Pulling it together: how to choose which visuals to use

We’ve walked through examples of 3 examples of how to use visuals in a how-to guide—step sequences, annotated visuals, and visual frameworks. The question now is: how do you decide which one to use in your own content?

Here’s a simple way to think about it:

  • Use step sequences when the order of actions matters and each step changes what the reader sees or does.
  • Use annotated visuals when the reader needs to understand what something is or why it matters—interfaces, tools, safety positions, or layout choices.
  • Use visual frameworks when the process is long, branching, or overwhelming, and the reader needs a big-picture map.

Most strong how-to guides mix all three. For example:

  • A software onboarding guide might start with a framework (“Here’s the 3-part setup process”), then use annotated screenshots to explain the dashboard, and finish with short step sequences for common tasks.
  • A beginner workout guide might show a 4-week timeline, then step-by-step exercise visuals, with annotations on posture and safety.

If you’re looking for real examples to model, pay attention to how health, government, and education sites structure their instructions.
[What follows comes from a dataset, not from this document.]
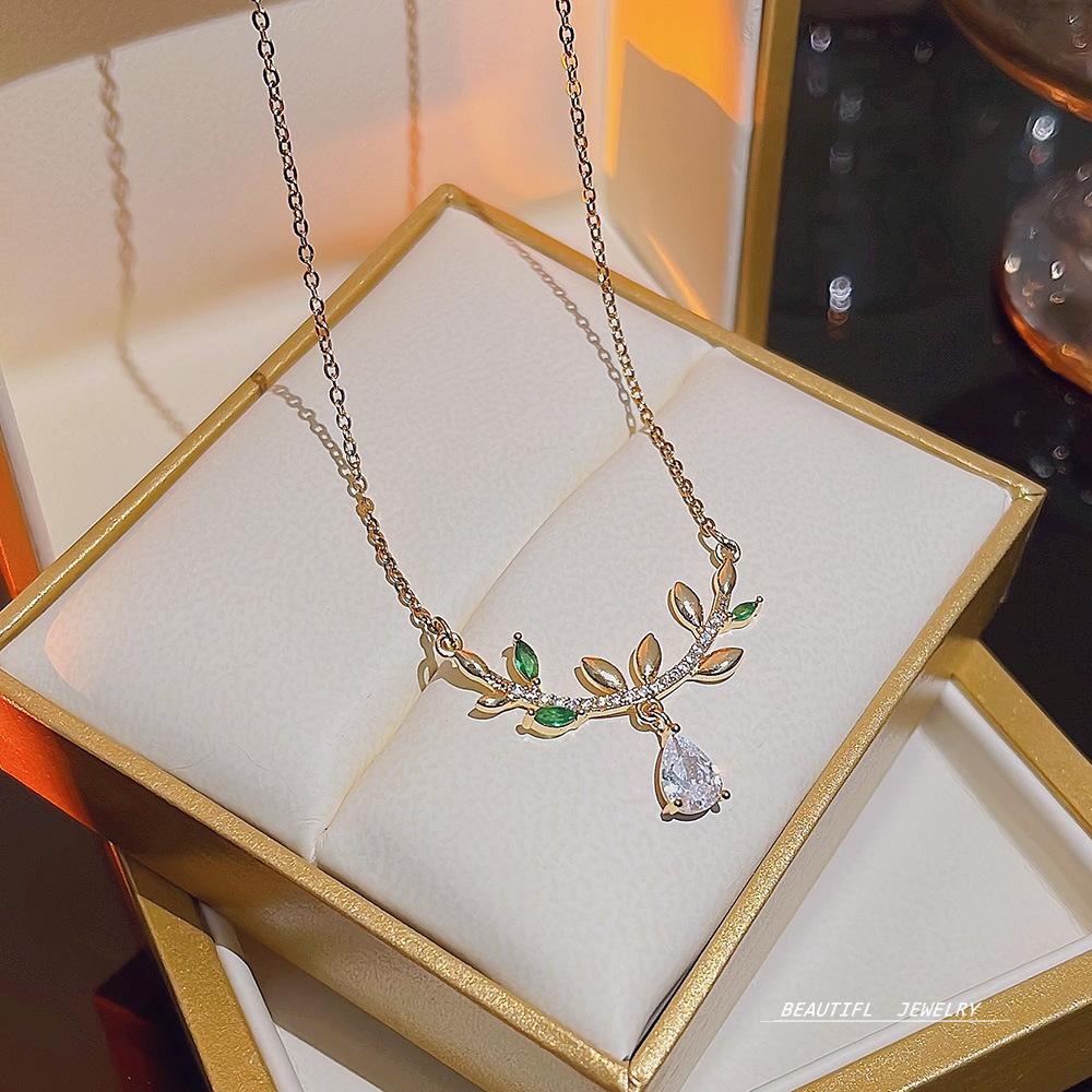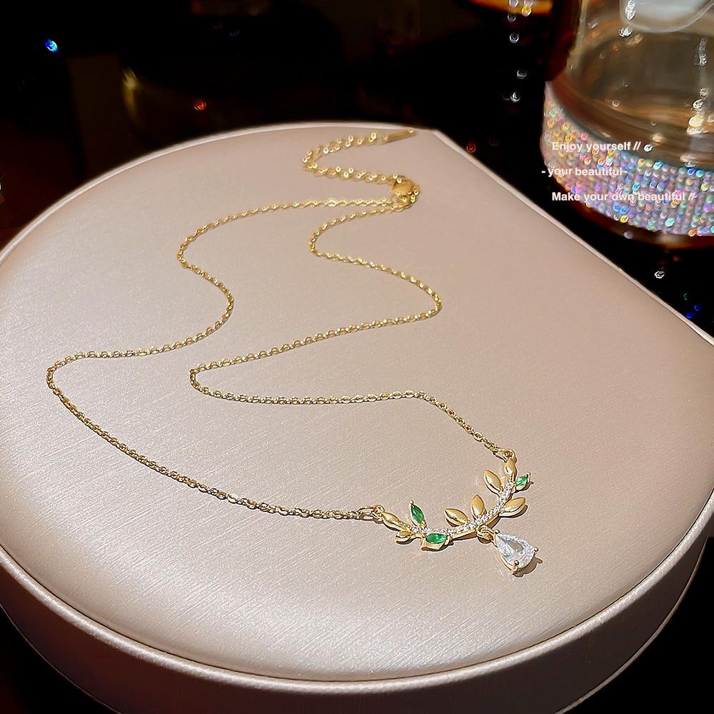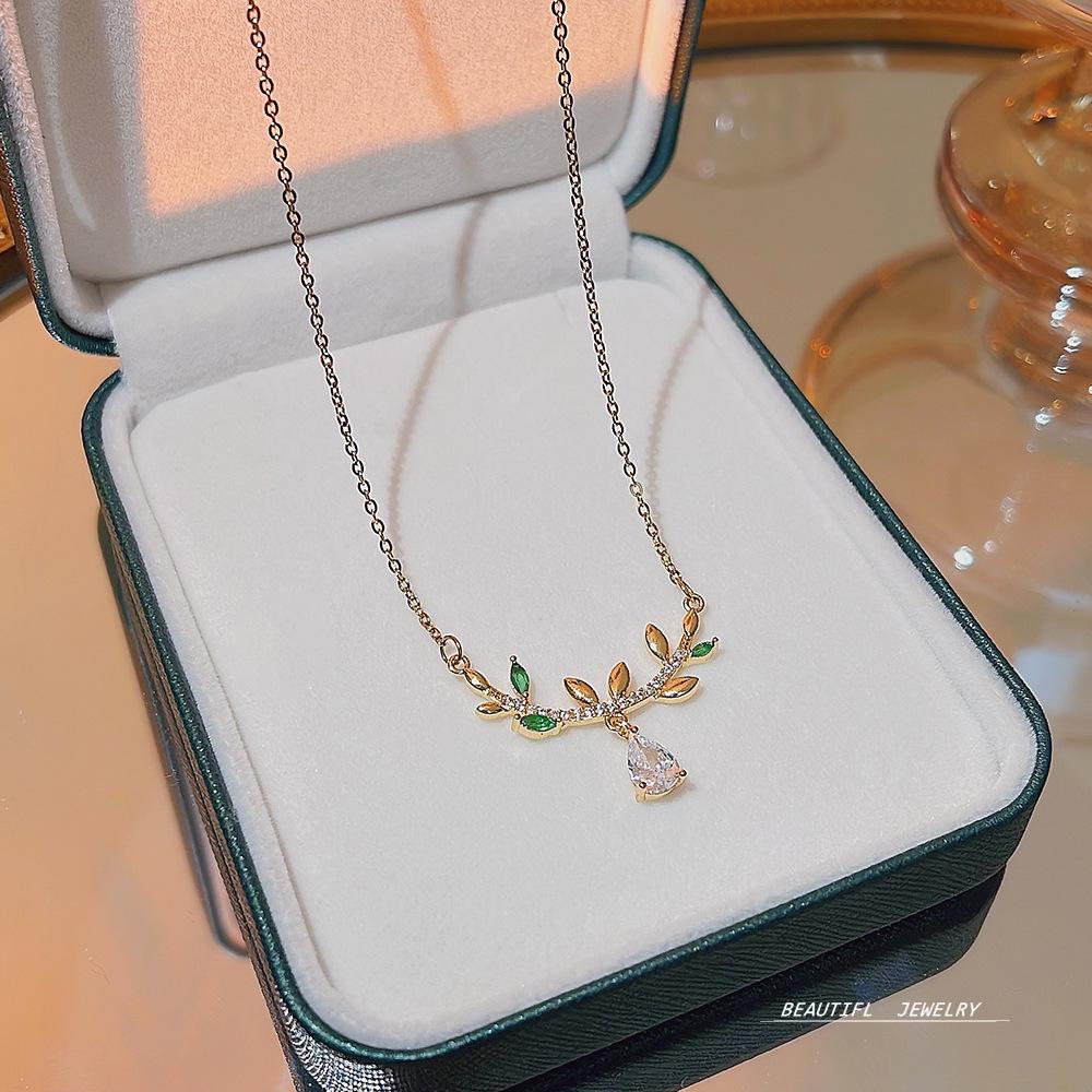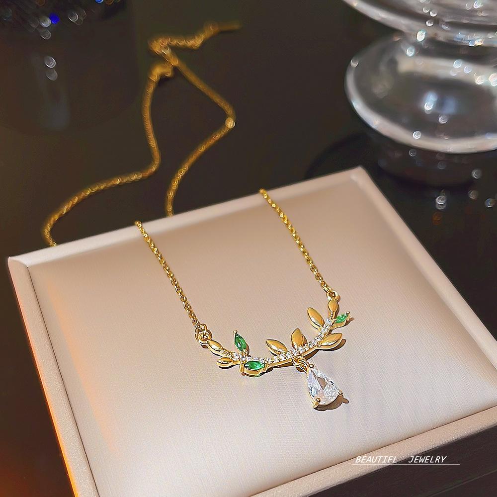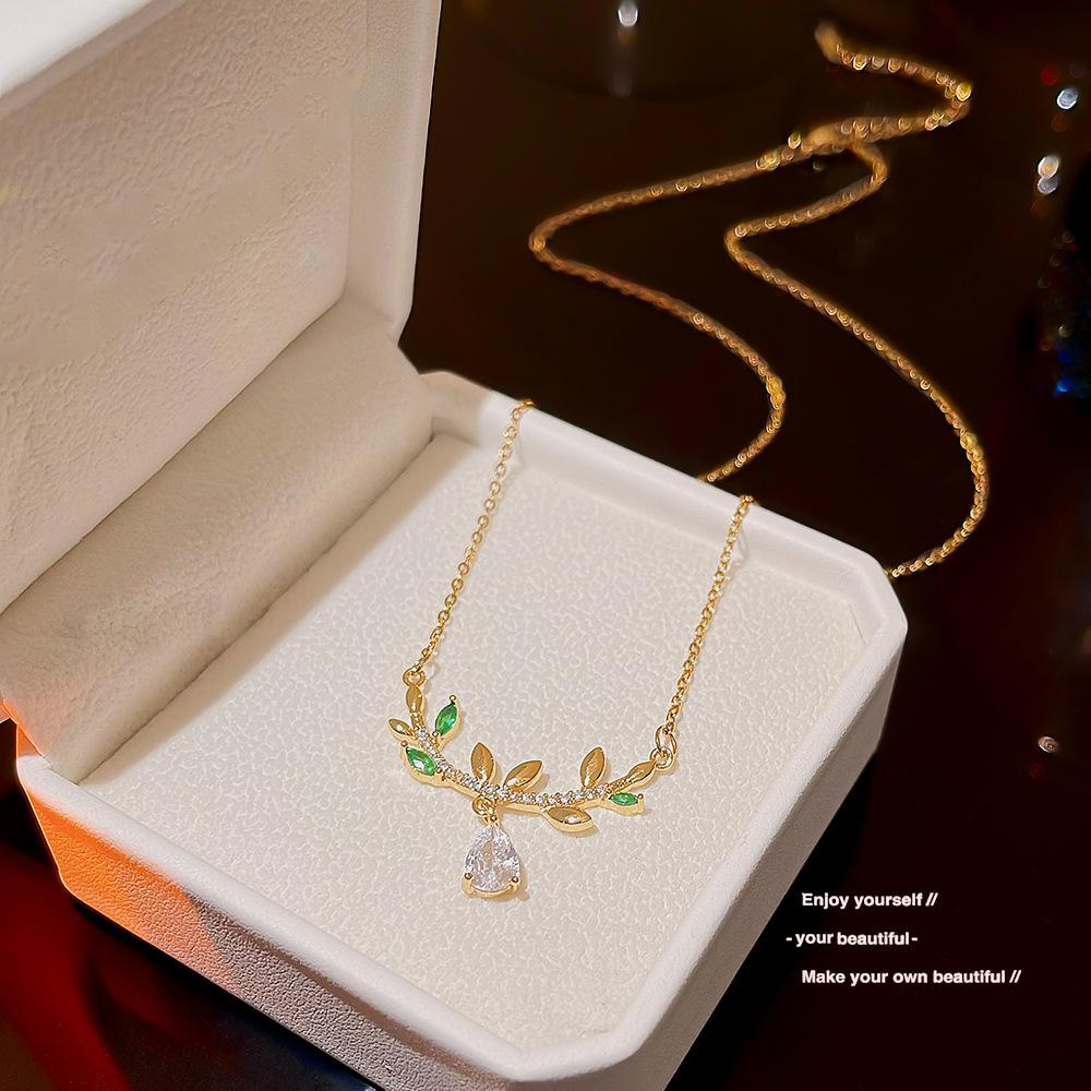 Nuevos accesorios Yiwu, cadena de clavícula de lujo ligera de nicho de alta calidad, elegante collar de cadena de suéter de asta de elfo que combina con todo para mujeres

The CDC’s visual communication guidelines and many patient-education resources on MedlinePlus show consistent patterns you can adapt to any topic.

The more your visuals answer the question, “What would this look like in real life?” the more helpful your how-to guide becomes.


FAQ: real examples of how to use visuals in a how-to guide

Q1: What are some simple examples of visuals I can add to an existing how-to guide without redesigning everything?

Start small. Easy examples include:

  • Adding one annotated screenshot for the most confusing software step
  • Inserting a before-and-after visual for a key transformation (messy desk vs. organized desk)
  • Creating a short visual checklist at the end of the guide

You don’t have to overhaul the entire article. Focus on the one or two places where readers usually get stuck.

Q2: Can you give an example of when a visual hurts more than it helps?

Yes. A common bad example is a giant, cluttered screenshot with tiny text and no labels. Readers can’t tell what to look at, and the visual becomes noise. Another weak example is a decorative stock illustration that doesn’t match the actual steps. If the visual doesn’t clarify an action, decision, or outcome, it probably doesn’t belong.

Q3: Do I always need multiple visuals, or can one strong example be enough?

One strong visual can absolutely carry a short how-to guide. For a simple task—like “how to tie a specific knot” or “how to position your hands on the keyboard”—a single, clear, well-labeled visual might be enough. Longer, multi-step processes usually benefit from several examples of visuals: a big-picture framework plus a few detailed step shots.

Q4: How do I make visuals accessible while still keeping them helpful?

Write alt text that explains the purpose of the visual, not just what it looks like. For example: “Screenshot of the dashboard with the Settings icon circled in the top-right corner.” Also keep contrast high and text labels readable. Accessibility guidelines from organizations like Harvard’s Digital Accessibility can help you check your work.

Q5: What are the best examples of visuals for mobile readers?

Mobile readers do well with:

  • Tall, narrow step sequences they can scroll through
  • Simple annotated visuals with only a few labels
  • Short visual summaries at the end of sections

Avoid tiny, dense visuals that require pinching and zooming. If someone can’t understand your example of how to use visuals in a how-to guide on a phone screen, it’s time to simplify.